*** MATERIAL FOR THIS EXERCISE Section Begins ***

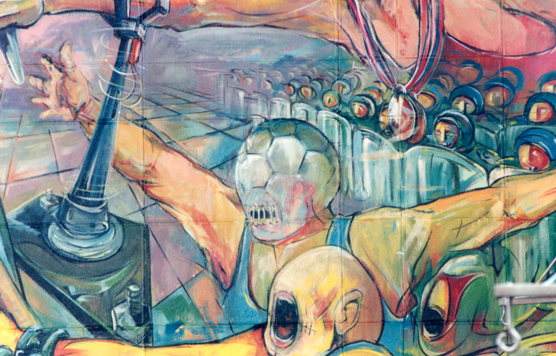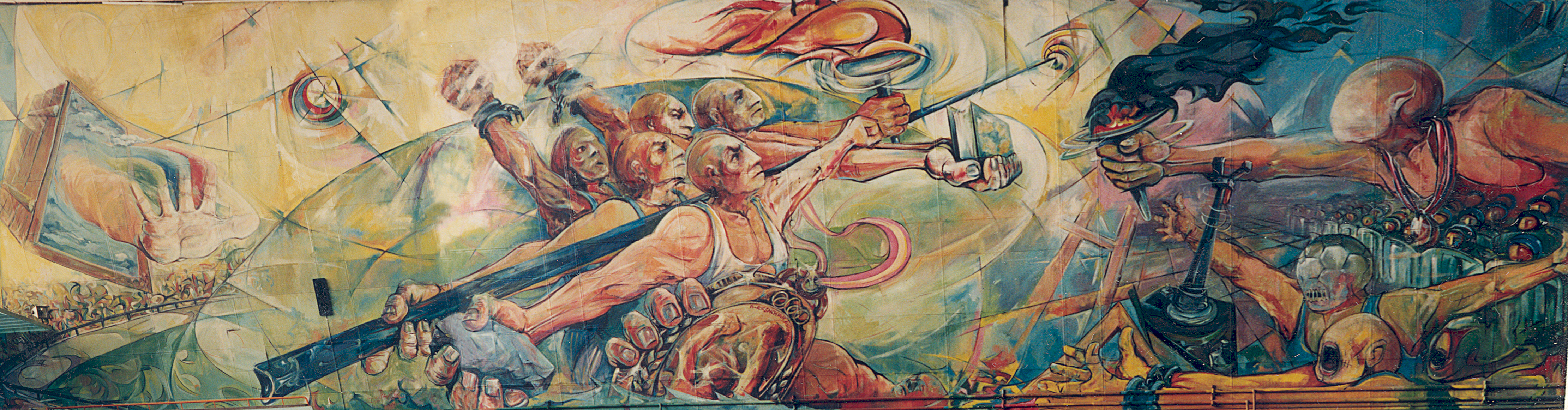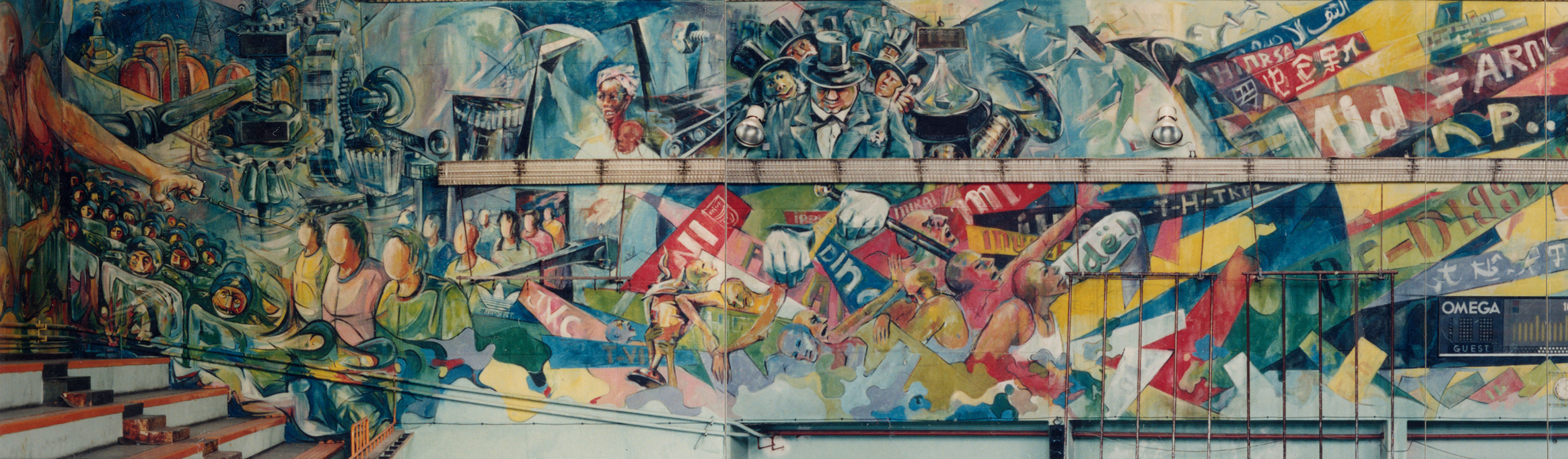 بیانیه ورزشی(بخشی از اثر)، علی اصغر کفشچیان مقدم، رنگ و روغن روی دیوار، 1080 متر مربع، 1366-1369
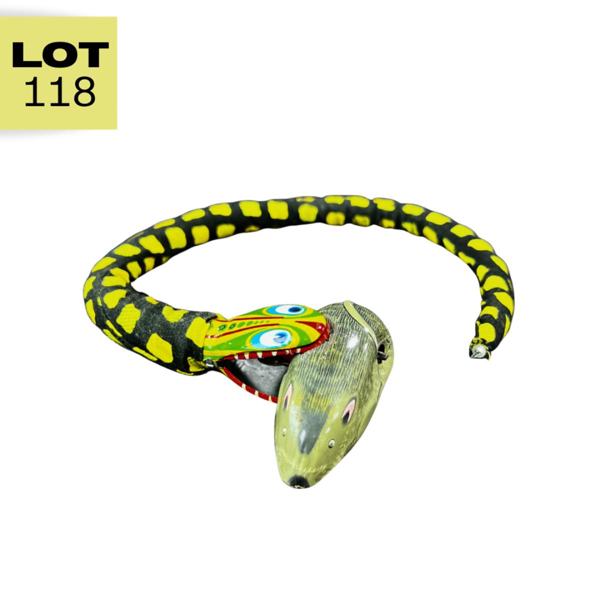 This Snake and Mouse Wind-Up was produced in Japan in the late 1900s. The snake has wiggly action while trying to kill its prey. **Works, Video of Function on YouTube Video**. This snake does NOT come with a Key. Please see photos for details and condition. **|** ::: Shipping is available on this lot. If you require shipping you must let us know at the close of the auction. We will coordinate with you after the item has been won. Shipping fees will include insurance up to or exceeding the value of all items being mailed. If you have any questions regarding this lot please contact the auctioneer either via this website, by direct email or by phone. PICK UP TIMES and other important information can be found in the TERMS and DESCRIPTION of the auction. Please take a look for pertinent information. Thanks!
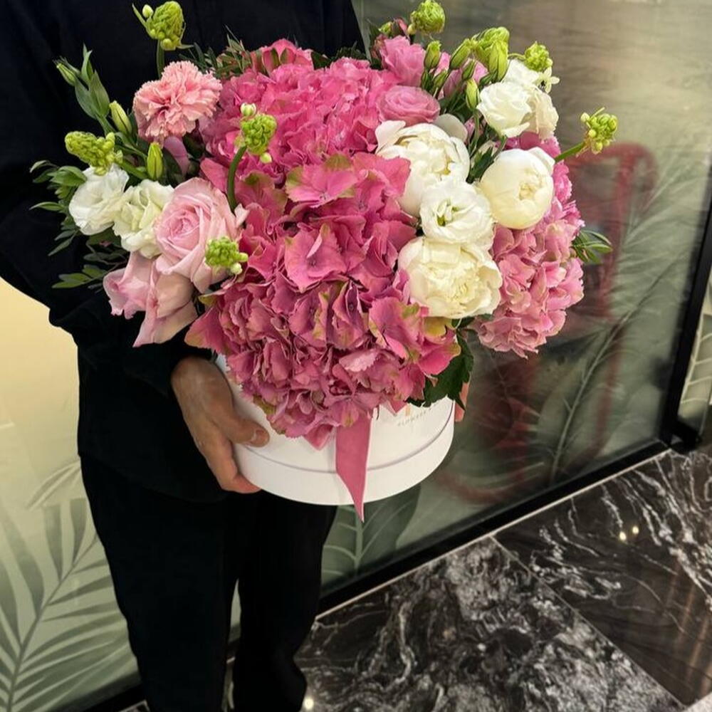 Composition: Hydrangea mix - 5, Peony import white - 3, Lisianthus - 5, Ornithogalum - 10, Dianthus mix - 1, Rose Pink Ohara - 5, Branded round box - 1 Sizes: WIDTH - 30CM; HEIGHT - 30CM; LENGTH - 30CM; (including packaging) Размер: 30 x 30 x 30 см
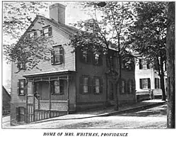 Die Wege von Whitman und Edgar Allan Poe kreuzten sich erstmals im Juli 1845 in Providence. Poe besuchte einen Vortrag seines Freundes und Dichters Frances Sargent Osgood. Als Poe und Osgood spazieren gingen, kamen sie an Whitmans Haus vorbei, während sie im Rosengarten hinter ihrem Haus stand. Poe lehnte es ab, ihr vorgestellt zu werden.[4] Zu diesem Zeitpunkt war Whitman bereits eine Bewundererin von Poes Geschichten. Gegenüber ihrer Freundin Mary E. Hewitt gab sie zu:
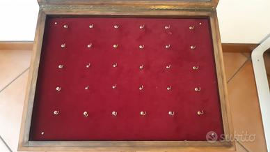 Porta medaglie artigianale con cornice in legno, ben rifinita e di ottima fattura. Sportello in vetro apribile con gancetto e fondo in velluto bordeaux . Può ospitare fino a 30 medaglie.
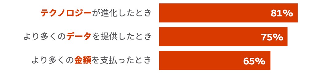 日本の顧客の45%は、変化するニーズを企業が理解することを期待しています。
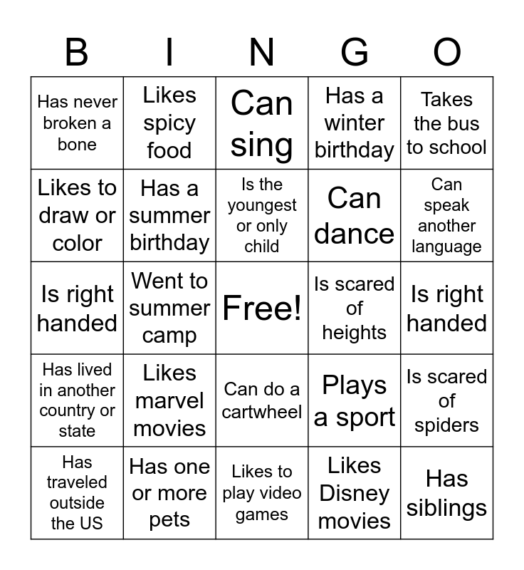 This bingo card has a free space and 24 words: Likes marvel movies, Has one or more pets, Is the youngest or only child, Has traveled outside the US, Takes the bus to school, Has never broken a bone, Likes to draw or color, Likes spicy food, Is scared of heights, Can do a cartwheel, Can dance, Is right handed, Plays a sport, Is scared of spiders, Has a summer birthday, Likes Disney movies, Is right handed, Can sing, Can speak another language, Went to summer camp, Has siblings, Has lived in another country or state, Has a winter birthday and Likes to play video games.
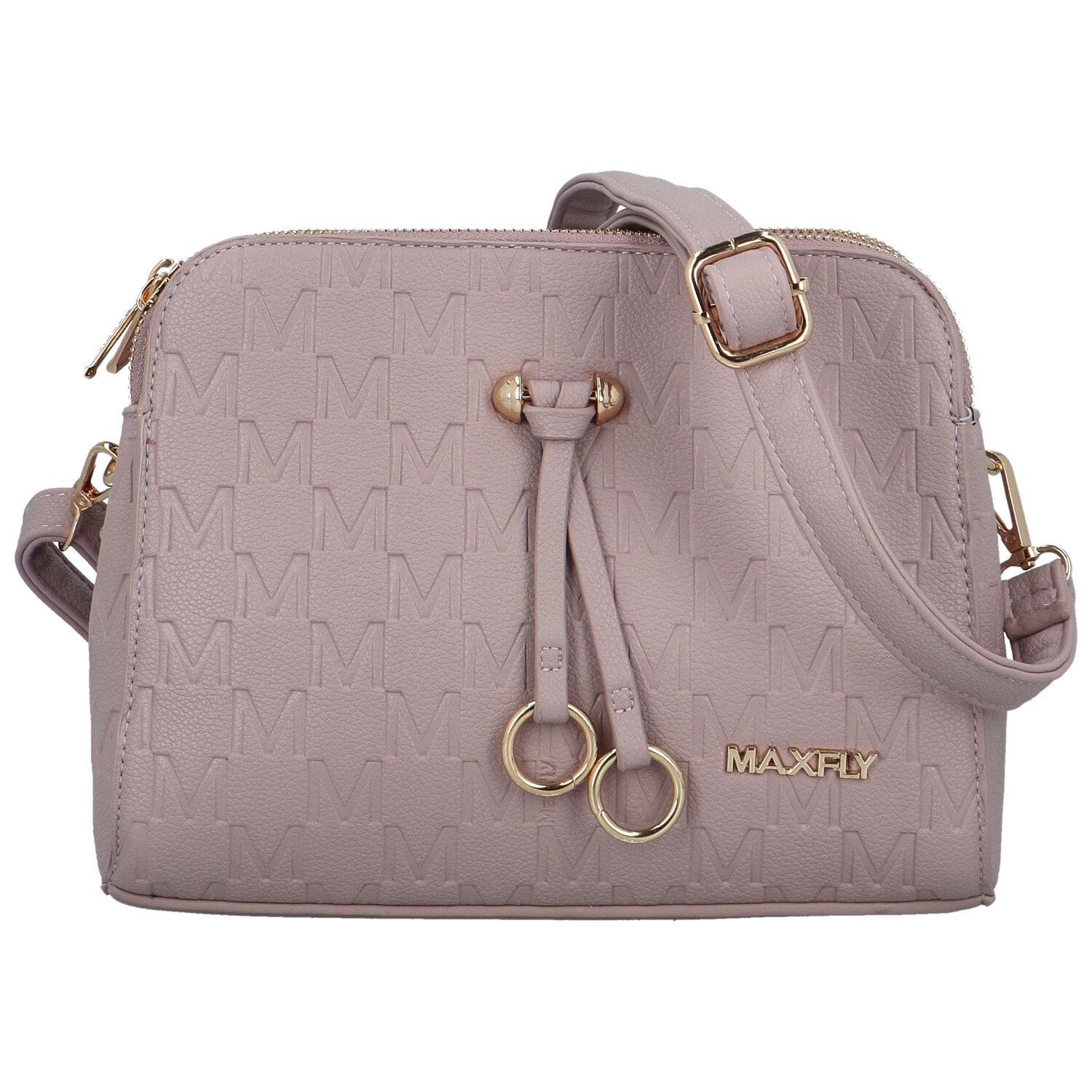 Kabelka má krásný design. Na přední straně ozdoba se zlatým kováním a logo značky. V kožence je jemně vytlačeno velké písmeno 'M'. Crossbody má hned tři kapsy uzavíratelné na zip do kterých si vše krásně rozvrhnete a budete mít po ruce všechny svoje osobní věci.

*** MATERIAL FOR THIS EXERCISE Section Ends ***

> WHAT YOU HAVE TO DO: All lines from the one with "Porta medaglie artigianale" through the end of the records above must be reproduced exactly, both ends included, and the pictures must be left out.

> YOUR SOLUTION:
 Porta medaglie artigianale con cornice in legno, ben rifinita e di ottima fattura. Sportello in vetro apribile con gancetto e fondo in velluto bordeaux . Può ospitare fino a 30 medaglie.
 日本の顧客の45%は、変化するニーズを企業が理解することを期待しています。
 This bingo card has a free space and 24 words: Likes marvel movies, Has one or more pets, Is the youngest or only child, Has traveled outside the US, Takes the bus to school, Has never broken a bone, Likes to draw or color, Likes spicy food, Is scared of heights, Can do a cartwheel, Can dance, Is right handed, Plays a sport, Is scared of spiders, Has a summer birthday, Likes Disney movies, Is right handed, Can sing, Can speak another language, Went to summer camp, Has siblings, Has lived in another country or state, Has a winter birthday and Likes to play video games.
 Kabelka má krásný design. Na přední straně ozdoba se zlatým kováním a logo značky. V kožence je jemně vytlačeno velké písmeno 'M'. Crossbody má hned tři kapsy uzavíratelné na zip do kterých si vše krásně rozvrhnete a budete mít po ruce všechny svoje osobní věci.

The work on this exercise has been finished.